§ What you should do: I would like the lines below, from the one with "A woman stands" through the one with "Zu diesem Zeitpunkt", copied exactly and without any pictures.

§ Exercise material:

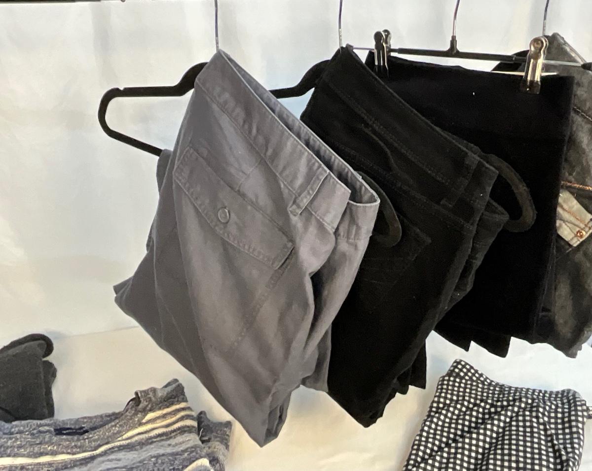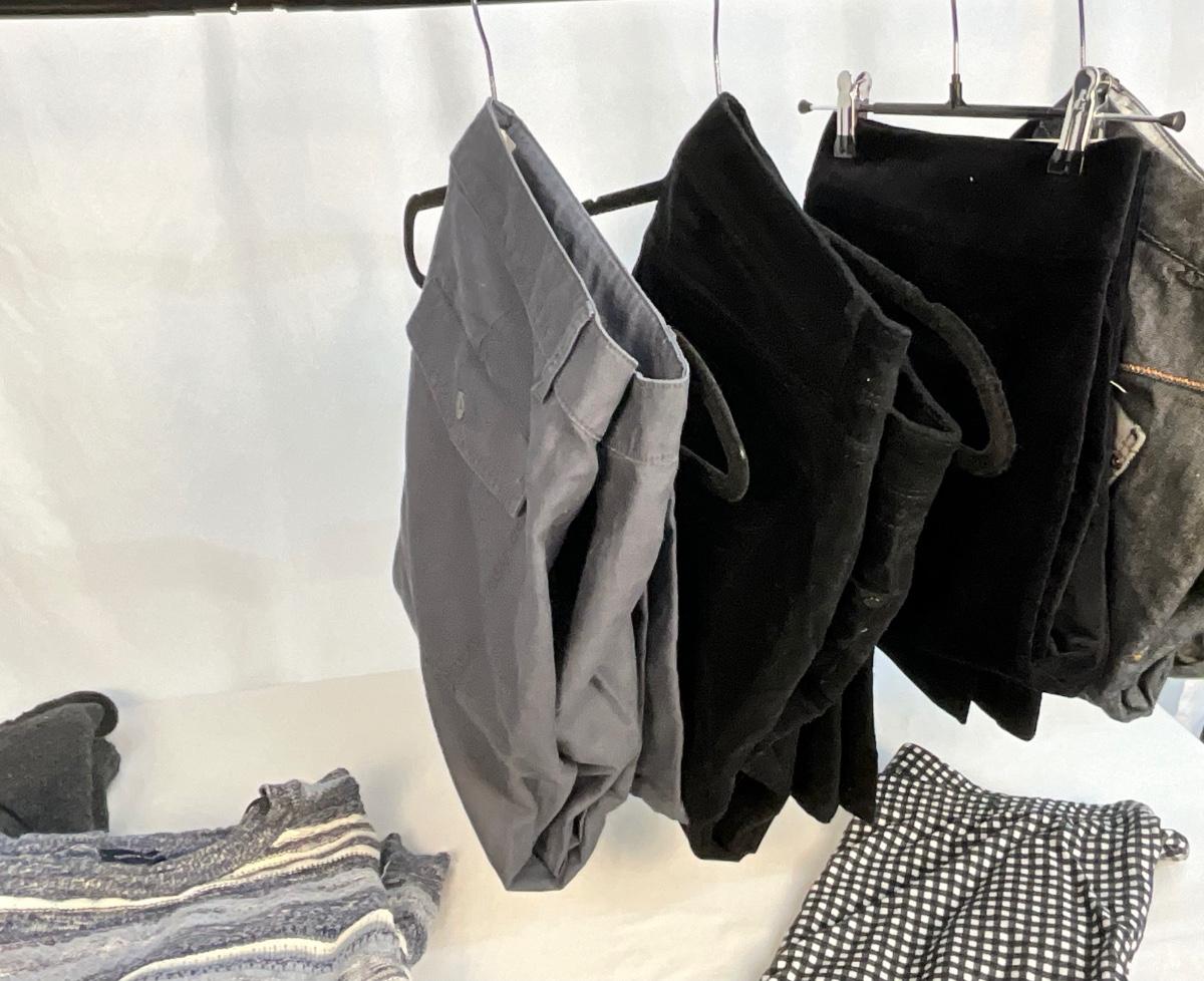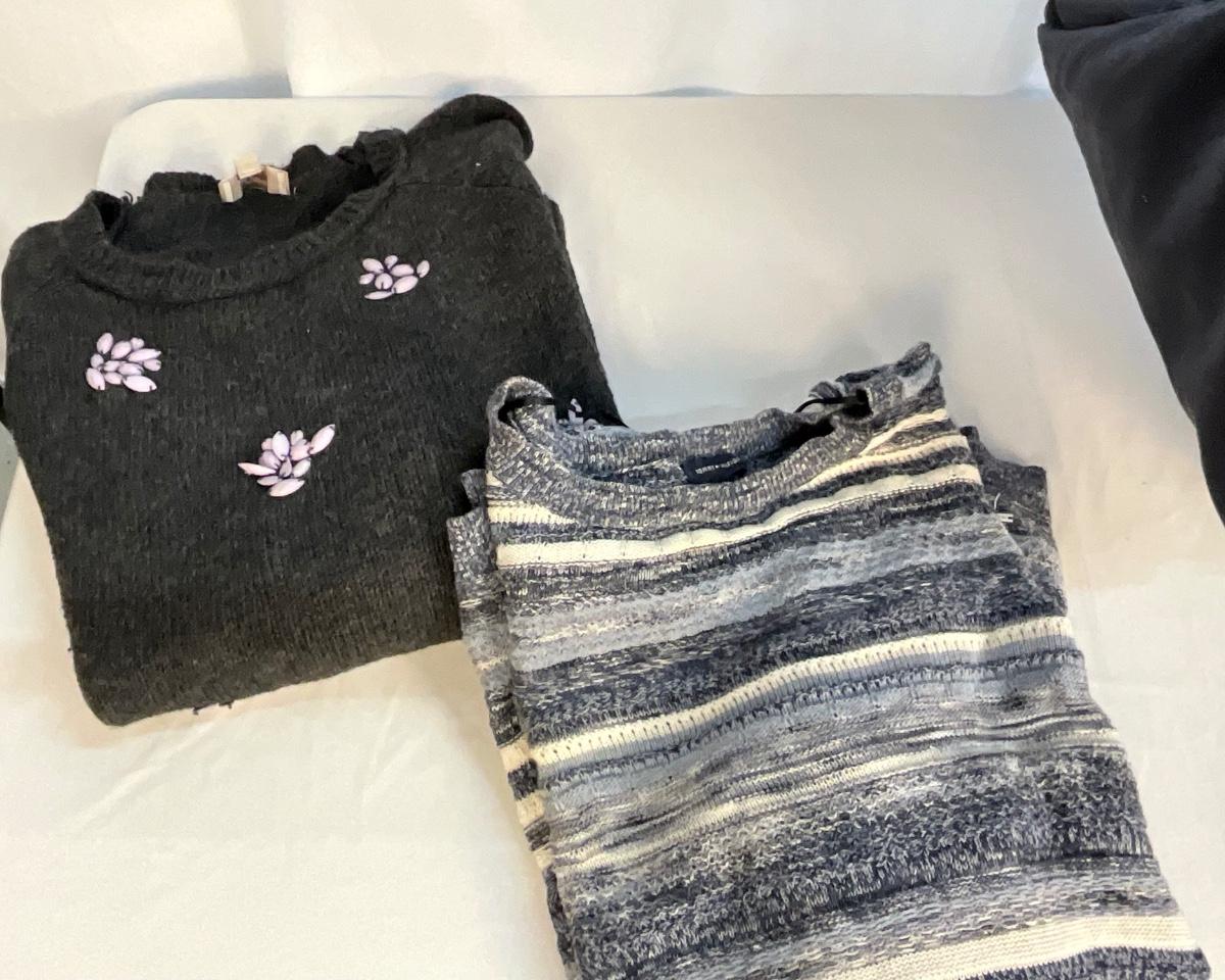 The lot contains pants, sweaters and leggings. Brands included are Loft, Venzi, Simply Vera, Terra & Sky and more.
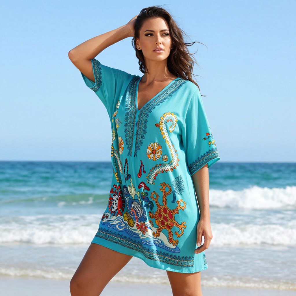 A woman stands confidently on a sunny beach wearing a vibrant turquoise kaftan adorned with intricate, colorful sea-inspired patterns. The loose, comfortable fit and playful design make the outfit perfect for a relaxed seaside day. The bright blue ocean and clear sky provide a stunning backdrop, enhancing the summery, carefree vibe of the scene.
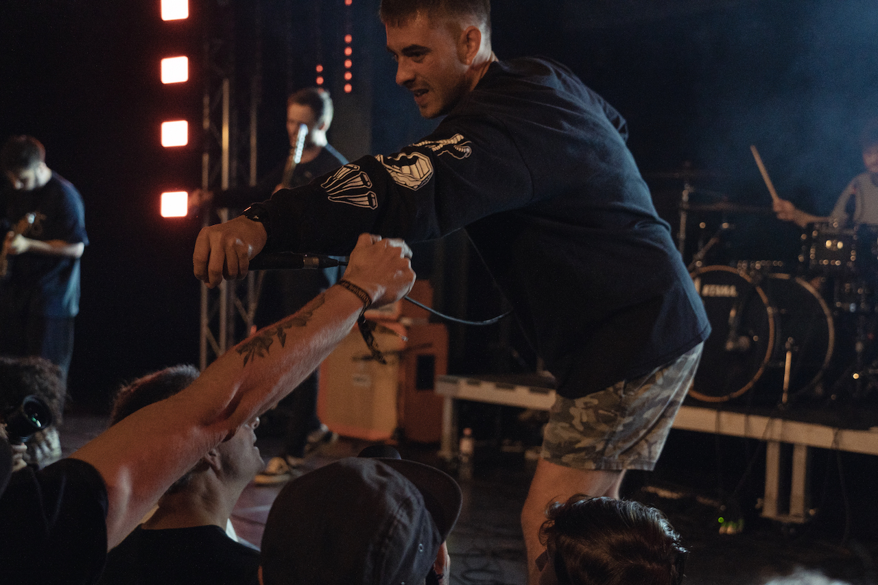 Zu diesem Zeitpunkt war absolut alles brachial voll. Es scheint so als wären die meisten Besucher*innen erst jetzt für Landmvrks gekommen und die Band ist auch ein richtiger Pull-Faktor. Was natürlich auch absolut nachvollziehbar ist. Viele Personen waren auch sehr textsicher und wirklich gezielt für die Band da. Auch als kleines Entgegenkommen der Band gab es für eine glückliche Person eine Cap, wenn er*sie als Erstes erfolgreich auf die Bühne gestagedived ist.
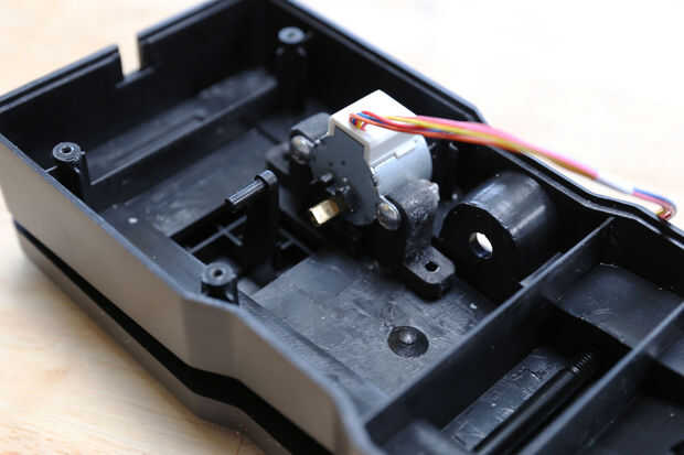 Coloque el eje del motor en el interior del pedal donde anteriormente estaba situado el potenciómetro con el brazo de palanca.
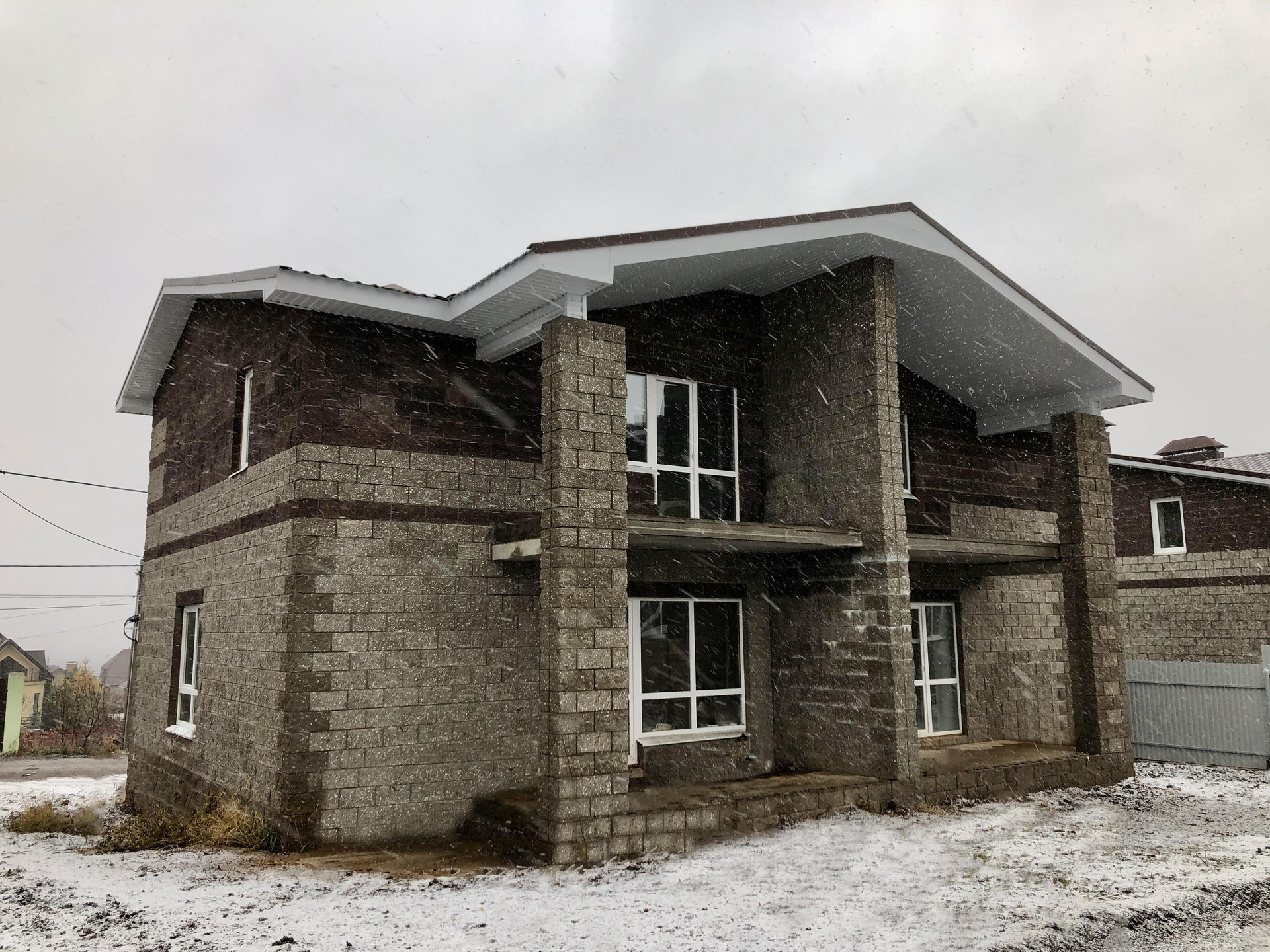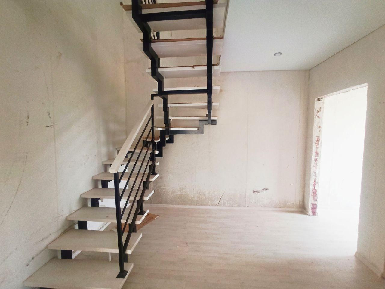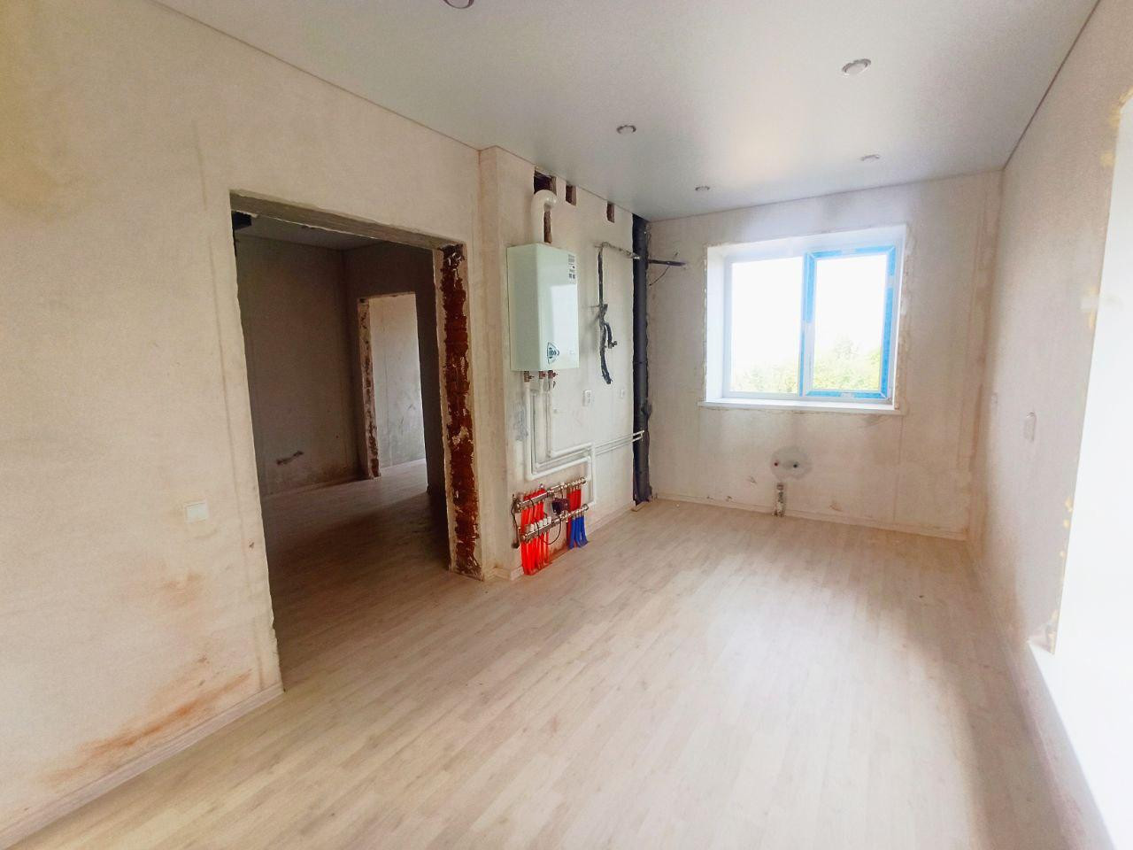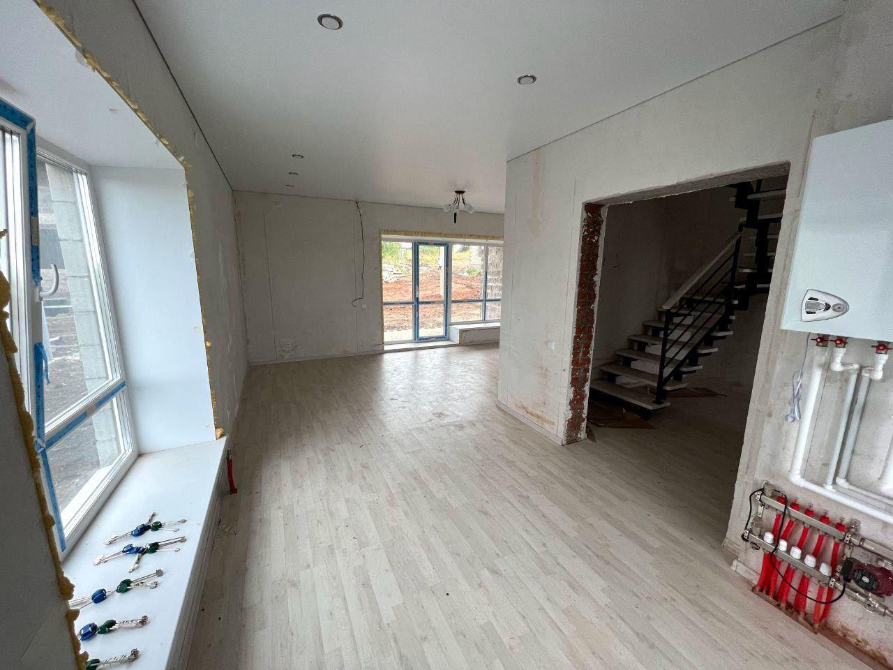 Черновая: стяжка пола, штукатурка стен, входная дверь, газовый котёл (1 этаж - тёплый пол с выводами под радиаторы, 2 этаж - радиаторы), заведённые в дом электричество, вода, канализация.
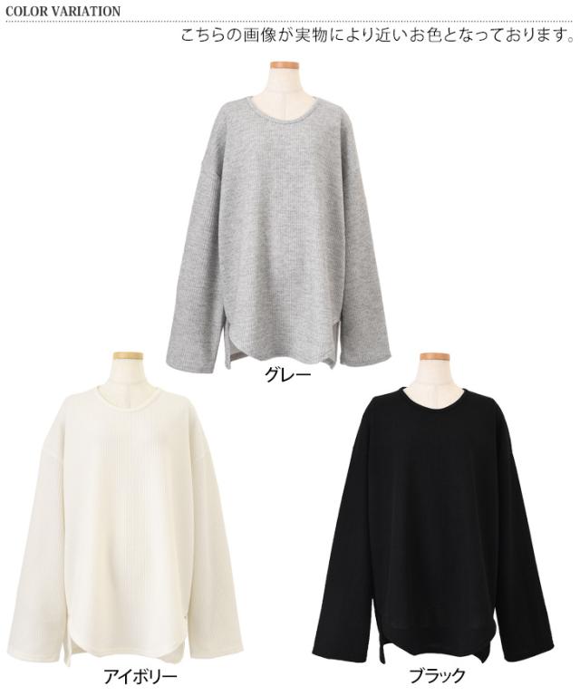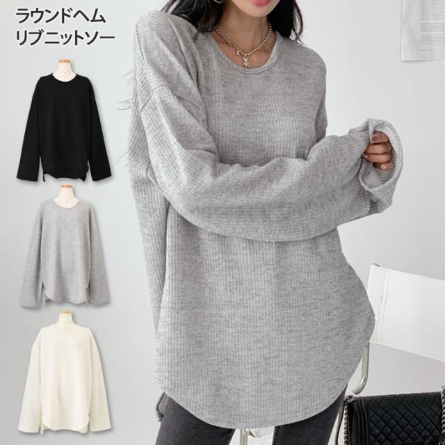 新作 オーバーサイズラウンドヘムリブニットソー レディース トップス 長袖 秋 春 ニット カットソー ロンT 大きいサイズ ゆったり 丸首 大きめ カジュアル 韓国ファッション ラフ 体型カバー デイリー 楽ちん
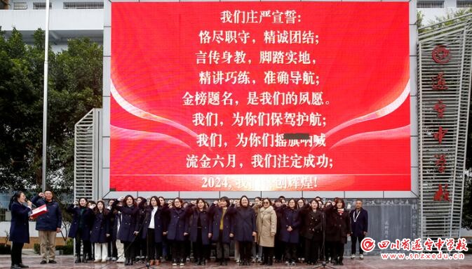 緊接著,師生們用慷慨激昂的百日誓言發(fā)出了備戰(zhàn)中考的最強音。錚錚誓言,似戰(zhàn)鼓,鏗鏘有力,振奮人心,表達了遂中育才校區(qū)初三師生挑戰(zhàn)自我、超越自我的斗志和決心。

§ Solved problem:
 A woman stands confidently on a sunny beach wearing a vibrant turquoise kaftan adorned with intricate, colorful sea-inspired patterns. The loose, comfortable fit and playful design make the outfit perfect for a relaxed seaside day. The bright blue ocean and clear sky provide a stunning backdrop, enhancing the summery, carefree vibe of the scene.
 Zu diesem Zeitpunkt war absolut alles brachial voll. Es scheint so als wären die meisten Besucher*innen erst jetzt für Landmvrks gekommen und die Band ist auch ein richtiger Pull-Faktor. Was natürlich auch absolut nachvollziehbar ist. Viele Personen waren auch sehr textsicher und wirklich gezielt für die Band da. Auch als kleines Entgegenkommen der Band gab es für eine glückliche Person eine Cap, wenn er*sie als Erstes erfolgreich auf die Bühne gestagedived ist.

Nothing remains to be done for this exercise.